If the patient were to come to autopsy, what would the patient’s lungs look like grossly?
This histologic section was prepared from the lung of an elderly man who died of a myocardial infarct. At autopsy, the pleural surfaces of both lungs were fibrotic. The cut surfaces of the lungs manifested diffuse fibrosis with extensive “honeycombing.” The hilar lymph nodes were not enlarged. When examining this slide, notice that many of the alveolar walls contain more nuclei than usual and that there are detached fragments of alveolar septa. Small deposits of anthracotic pigment are also evident. Many of the alveolar septa are thickened by fibrosis. Within these areas of fibrosis are golden brown beaded or “knobby” structures [example].
The fibrotic alveolar walls represent a nonspecific reaction to injury that is a common pathologic feature in many of the restrictive lung diseases. In this case, the golden brown bodies represent the etiologic agent. What are these bodies?

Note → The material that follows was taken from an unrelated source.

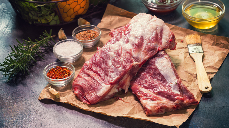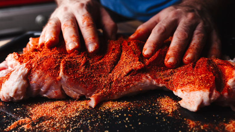Barbecue is all about using big, punchy flavors, but when it comes to ribs, you may need less than you think you do. Overseasoning ribs is a surefire way to ruin the natural flavor of the meat itself. It's worth bearing in mind that ribs are high in fat, and this fat provides flavor — but the actual flavor of the pork meat itself is pretty mild. As such, you want to balance things out so that your seasoning heightens the flavor of the fat without completely masking the taste of the meat or making everything too salty or sugary. Erring on the side of caution with your seasonings is the way to go.

How did the fibrosis come about?
Predict the results of these pulmonary function tests (normal, increased, or decreased): total lung capacity (TLC), funtional residual capacity (FRC), forced vital capacity (FVC), forced expiratory volume (FEV).
A 30-year-old man had a severe shaking chill that lasted for an hour. Shortly afterwards, he developed a fever of 40.0 degrees centigrade, marked tachycardia and tachypnea, a dry cough, and right-sided severe pleuritic chest pain. His cough became productive of thick, tenacious, rust-colored sputum. He had been previously well. The patient sought medical attention.
He appeared toxic and was in moderate respiratory distress. His respirations were shallow and there was increased tactile fremitus and dullness to percussion over the right hemithorax. Fever and tachypnea were present as were bronchial breath sounds and crackles. Laboratory values included a leukocytosis with a left shift and an elevated sedimentation rate. Arterial blood gases determination revealed hypoxemia. A chest radiograph demonstrated opacification and air bronchograms of the right middle and lower lobes. Despite aggressive medical treatment, the patient died.
How might the right lung have appeared at the autopsy table?
Describe the pathologic features manifested in your histologic section.
What is your pathologic diagnosis?
Had the patient lived, what other changes would have been manifested by the lung as the patient recovered?
A 60-year-old man sought medical attention because of weight loss. During his evaluation, the patient also complained of a decreased appetite, weakness, and night sweats. A non-productive cough had recently developed. Physical examination revealed hepatomegaly and splenomegaly. A chest radiograph manifested a diffuse reticulonodular infiltrate. A lung biopsy sample was obtained and a diagnosis was established. The patient responded promptly to treatment. Slide 26 was obtained from a similar patient at autopsy.
Based on the clinical presentation and the findings contained in the autopsy slide [hint], what diagnoses are most likely?
How could you confirm your diagnosis?
How does your diagnosis explain the clinical, radiographic, and laboratory findings?
What types of social settings increase the risk of infection by the agent responsible for the pathologic features manifested by this patient?